One of the precepts of Canada’s health care system is that aggrieved or confused
patients always have the option of seeking a proverbial second medical opinion.

But is that more than an enduring, and perhaps reassuring, but entirely
meaningless myth? Is it really feasible or even possible to get a second medical
opinion?

Possibly, although observers note that the wait for a second opinion can be even
longer than the wait for the first opinion, particularly when it comes to
getting the second opinion of a medical specialist.
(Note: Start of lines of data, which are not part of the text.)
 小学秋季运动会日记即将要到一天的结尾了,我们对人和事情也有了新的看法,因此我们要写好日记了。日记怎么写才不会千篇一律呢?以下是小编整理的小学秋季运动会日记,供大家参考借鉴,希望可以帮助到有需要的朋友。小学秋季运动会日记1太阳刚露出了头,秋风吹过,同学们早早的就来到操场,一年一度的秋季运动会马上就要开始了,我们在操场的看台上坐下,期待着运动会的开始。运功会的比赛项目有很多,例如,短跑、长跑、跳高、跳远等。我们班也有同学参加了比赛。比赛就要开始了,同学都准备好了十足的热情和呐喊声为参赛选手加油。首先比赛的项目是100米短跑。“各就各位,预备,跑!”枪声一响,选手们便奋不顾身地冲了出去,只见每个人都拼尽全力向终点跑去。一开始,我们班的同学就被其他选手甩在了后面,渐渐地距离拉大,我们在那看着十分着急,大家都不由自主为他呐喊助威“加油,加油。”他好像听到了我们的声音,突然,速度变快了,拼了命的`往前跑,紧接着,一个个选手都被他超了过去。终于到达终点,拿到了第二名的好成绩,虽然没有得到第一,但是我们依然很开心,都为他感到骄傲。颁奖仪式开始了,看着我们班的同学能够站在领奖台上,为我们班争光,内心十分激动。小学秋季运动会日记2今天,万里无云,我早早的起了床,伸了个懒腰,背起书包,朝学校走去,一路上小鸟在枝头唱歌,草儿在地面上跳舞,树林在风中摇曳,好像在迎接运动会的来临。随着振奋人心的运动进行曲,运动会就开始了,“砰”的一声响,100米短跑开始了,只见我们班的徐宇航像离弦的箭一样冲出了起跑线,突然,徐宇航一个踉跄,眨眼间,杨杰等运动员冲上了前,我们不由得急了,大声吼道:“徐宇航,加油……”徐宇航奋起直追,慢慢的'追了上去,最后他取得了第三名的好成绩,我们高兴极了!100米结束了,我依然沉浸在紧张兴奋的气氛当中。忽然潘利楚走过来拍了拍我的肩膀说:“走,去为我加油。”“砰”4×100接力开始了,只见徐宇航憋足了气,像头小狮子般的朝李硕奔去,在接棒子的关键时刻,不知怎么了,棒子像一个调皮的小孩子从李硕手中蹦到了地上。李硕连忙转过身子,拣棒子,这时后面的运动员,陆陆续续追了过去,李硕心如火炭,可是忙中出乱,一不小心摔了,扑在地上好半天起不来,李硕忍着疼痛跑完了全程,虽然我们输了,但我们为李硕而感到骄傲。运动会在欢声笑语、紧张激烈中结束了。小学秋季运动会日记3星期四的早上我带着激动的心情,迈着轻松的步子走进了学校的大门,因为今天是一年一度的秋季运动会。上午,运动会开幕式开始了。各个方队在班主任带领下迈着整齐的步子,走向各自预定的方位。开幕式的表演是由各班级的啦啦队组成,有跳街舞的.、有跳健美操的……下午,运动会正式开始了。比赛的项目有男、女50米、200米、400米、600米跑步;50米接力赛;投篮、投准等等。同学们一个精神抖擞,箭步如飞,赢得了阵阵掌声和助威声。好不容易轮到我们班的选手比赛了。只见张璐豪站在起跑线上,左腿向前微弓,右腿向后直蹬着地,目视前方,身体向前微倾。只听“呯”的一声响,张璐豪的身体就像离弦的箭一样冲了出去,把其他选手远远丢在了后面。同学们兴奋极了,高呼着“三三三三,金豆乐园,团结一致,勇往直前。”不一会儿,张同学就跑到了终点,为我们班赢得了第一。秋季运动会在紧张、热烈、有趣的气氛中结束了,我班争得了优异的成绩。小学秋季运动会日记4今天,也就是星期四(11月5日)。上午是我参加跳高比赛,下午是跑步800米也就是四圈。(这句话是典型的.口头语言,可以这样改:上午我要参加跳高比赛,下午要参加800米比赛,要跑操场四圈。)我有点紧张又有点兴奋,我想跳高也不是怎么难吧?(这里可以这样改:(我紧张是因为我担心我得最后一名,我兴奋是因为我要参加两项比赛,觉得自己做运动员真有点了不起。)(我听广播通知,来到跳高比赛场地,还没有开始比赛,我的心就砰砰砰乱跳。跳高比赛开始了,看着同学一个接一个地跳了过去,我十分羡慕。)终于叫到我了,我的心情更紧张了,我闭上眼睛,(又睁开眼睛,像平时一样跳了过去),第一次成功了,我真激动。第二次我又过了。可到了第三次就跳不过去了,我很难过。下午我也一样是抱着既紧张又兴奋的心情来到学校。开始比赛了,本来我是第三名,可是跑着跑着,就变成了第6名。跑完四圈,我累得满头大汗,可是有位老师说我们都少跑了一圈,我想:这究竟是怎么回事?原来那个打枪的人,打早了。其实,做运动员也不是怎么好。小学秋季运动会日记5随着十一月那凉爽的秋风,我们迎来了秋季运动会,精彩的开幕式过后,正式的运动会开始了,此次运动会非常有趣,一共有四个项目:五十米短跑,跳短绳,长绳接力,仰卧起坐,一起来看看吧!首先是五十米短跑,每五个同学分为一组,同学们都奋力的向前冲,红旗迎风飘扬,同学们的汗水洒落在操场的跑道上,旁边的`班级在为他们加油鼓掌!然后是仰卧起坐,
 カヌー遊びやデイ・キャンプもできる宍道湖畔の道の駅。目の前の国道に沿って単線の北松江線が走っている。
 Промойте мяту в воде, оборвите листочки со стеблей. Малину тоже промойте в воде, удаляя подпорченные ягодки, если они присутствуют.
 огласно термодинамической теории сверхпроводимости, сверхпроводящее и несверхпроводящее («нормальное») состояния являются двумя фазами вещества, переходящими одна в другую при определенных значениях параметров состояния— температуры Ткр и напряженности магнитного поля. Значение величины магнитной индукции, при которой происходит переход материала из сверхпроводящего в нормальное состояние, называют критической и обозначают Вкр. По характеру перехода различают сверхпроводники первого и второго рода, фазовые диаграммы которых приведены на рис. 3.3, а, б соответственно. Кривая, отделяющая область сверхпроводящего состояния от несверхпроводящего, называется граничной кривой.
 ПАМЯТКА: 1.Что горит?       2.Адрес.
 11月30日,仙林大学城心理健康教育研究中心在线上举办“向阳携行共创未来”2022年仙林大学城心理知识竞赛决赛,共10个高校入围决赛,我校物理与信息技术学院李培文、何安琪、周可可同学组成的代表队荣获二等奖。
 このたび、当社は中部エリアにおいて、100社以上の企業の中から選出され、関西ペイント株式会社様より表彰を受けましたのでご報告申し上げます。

Not that getting a medical opinion from a second family physician is necessarily
any easier than getting one from a specialist. Already, Canadians are on long
waiting lists just to obtain a family doctor. It almost makes the notion of
finding a family physician who’d be willing to provide a second opinion entirely
comical.

Given the lengthy wait times, the majority of patients balk at getting a second
medical opinion, notes Sholom Glouberman, president of the Patients’ Association
of Canada. De facto, wait times have turned getting a second medical opinion
into “one of those things that’s available in principle but unavailable in
practice in Canada.”

Others fear that getting a second opinion will compromise their treatment, and
ultimately, their health, says Heather Chapman, founder of the Saskatoon,
Saskatchewan-based Patient Factor, an advocacy group and “an independent online
source” for news and opinions about health care (http://thepatientfactor.com).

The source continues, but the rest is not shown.